_EXERCISE PROMPT_
What is needed is an exact copy of the lines from the line holding "Yundu 15.5oz/470ml Flambe" through the end of the material, with no other lines and no pictures.

_INFORMATION SHOWN_

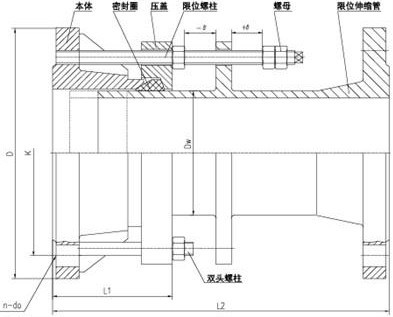 單法蘭松套限位伸縮接頭特點:實現(xiàn)了管道一邊法蘭連接,一邊為焊接的不一致性的方便連接。
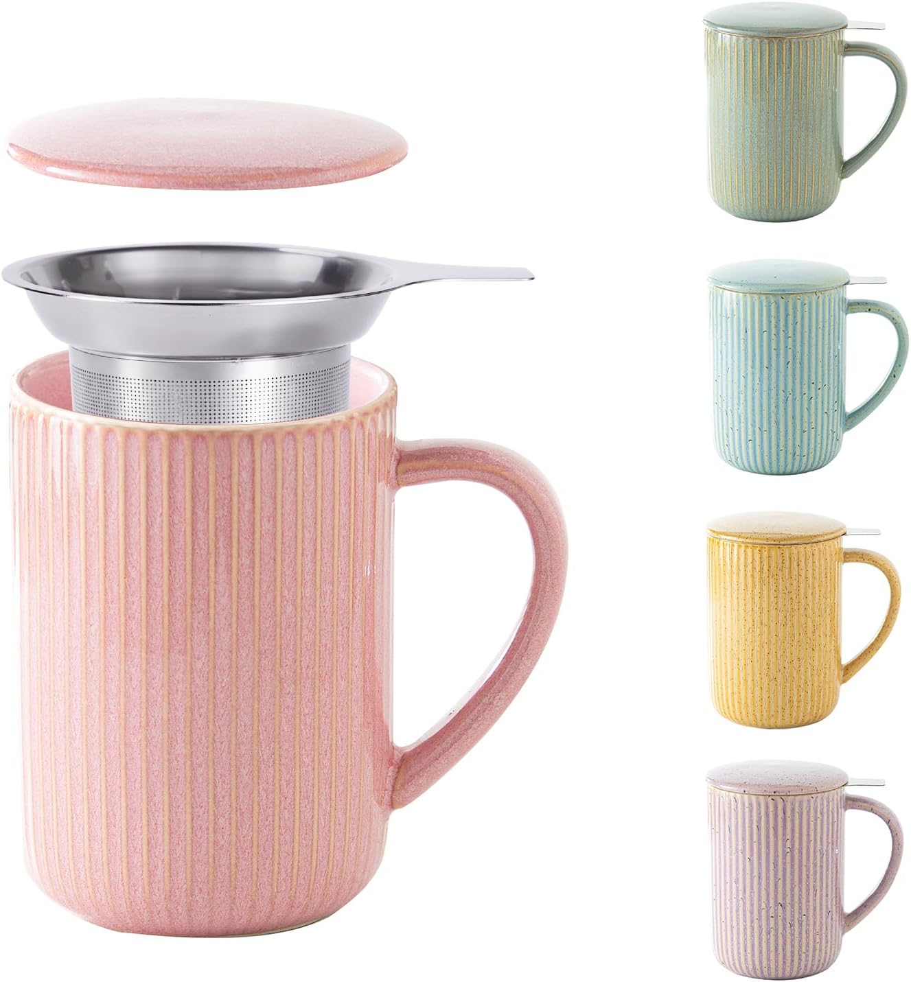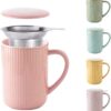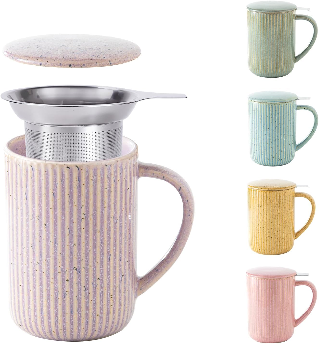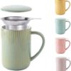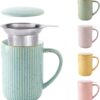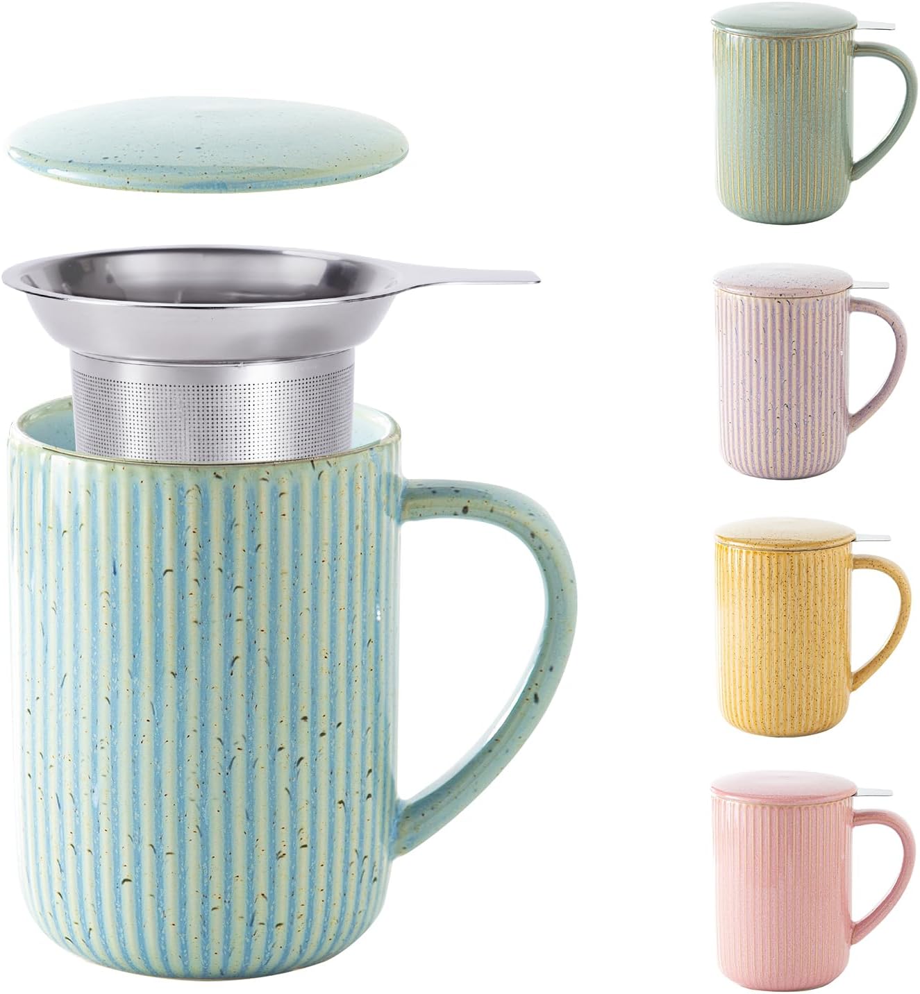 Yundu 15.5oz/470ml Flambe Green Ceramics Teacups with Infuser and Lid, Loose Leaf Tea Cup
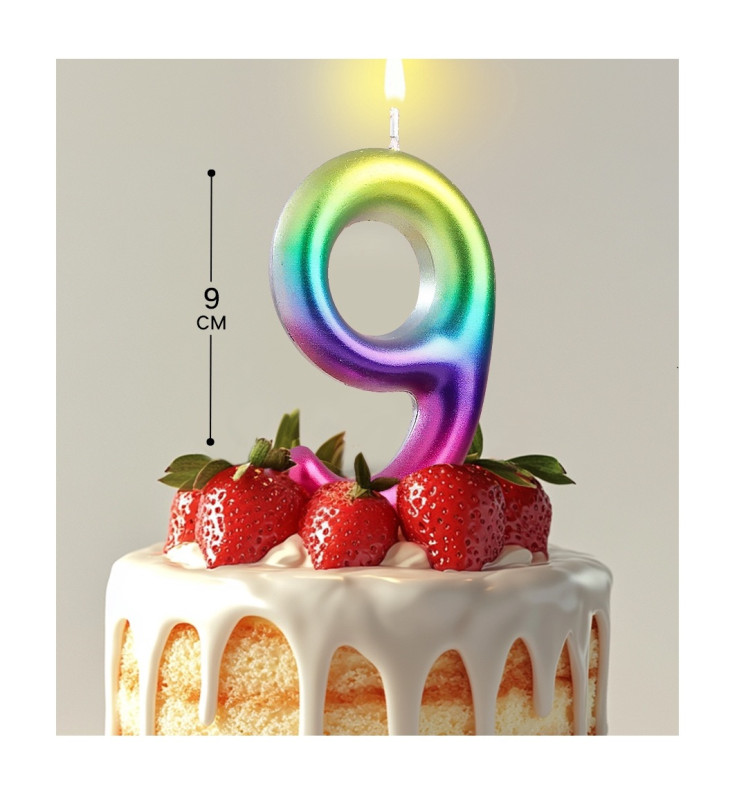 5311076 Радужная свеча ГИГАНТ в торт "Цифра 9" Высота 9 см.
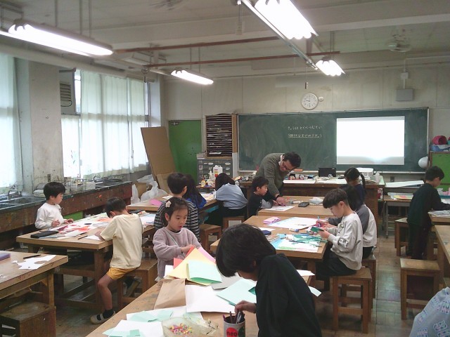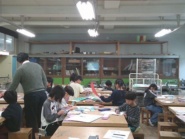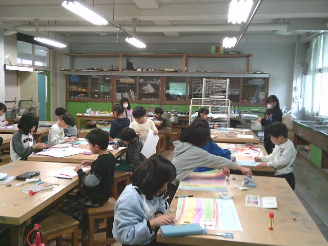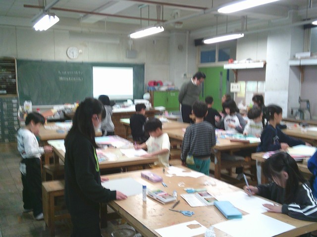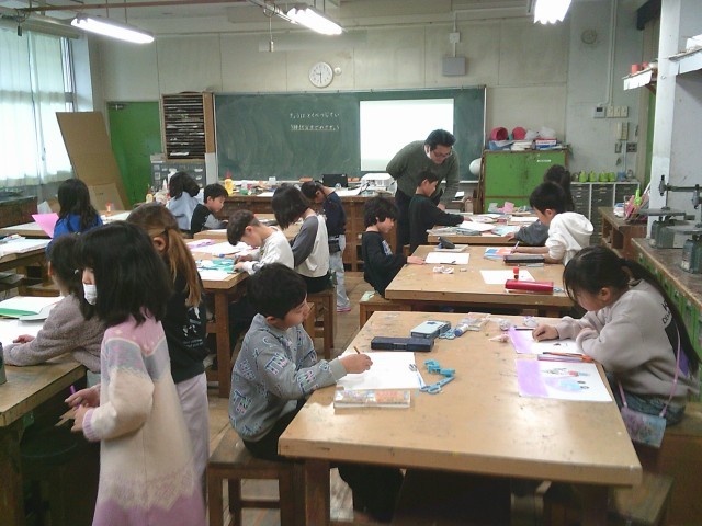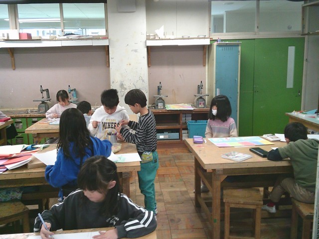 25日(水)1・2時間目、2年1組は図画工作の時間でした。「ふしぎな ぼうし」と題した工作を完成させた子どもたちは、今回、「その帽子を被った自分」を絵に描きました。背景をチョークで塗り、手でぼかしたり広げたりして描いていました。

_RESULT OF THIS EXERCISE_
 Yundu 15.5oz/470ml Flambe Green Ceramics Teacups with Infuser and Lid, Loose Leaf Tea Cup
 5311076 Радужная свеча ГИГАНТ в торт "Цифра 9" Высота 9 см.
 25日(水)1・2時間目、2年1組は図画工作の時間でした。「ふしぎな ぼうし」と題した工作を完成させた子どもたちは、今回、「その帽子を被った自分」を絵に描きました。背景をチョークで塗り、手でぼかしたり広げたりして描いていました。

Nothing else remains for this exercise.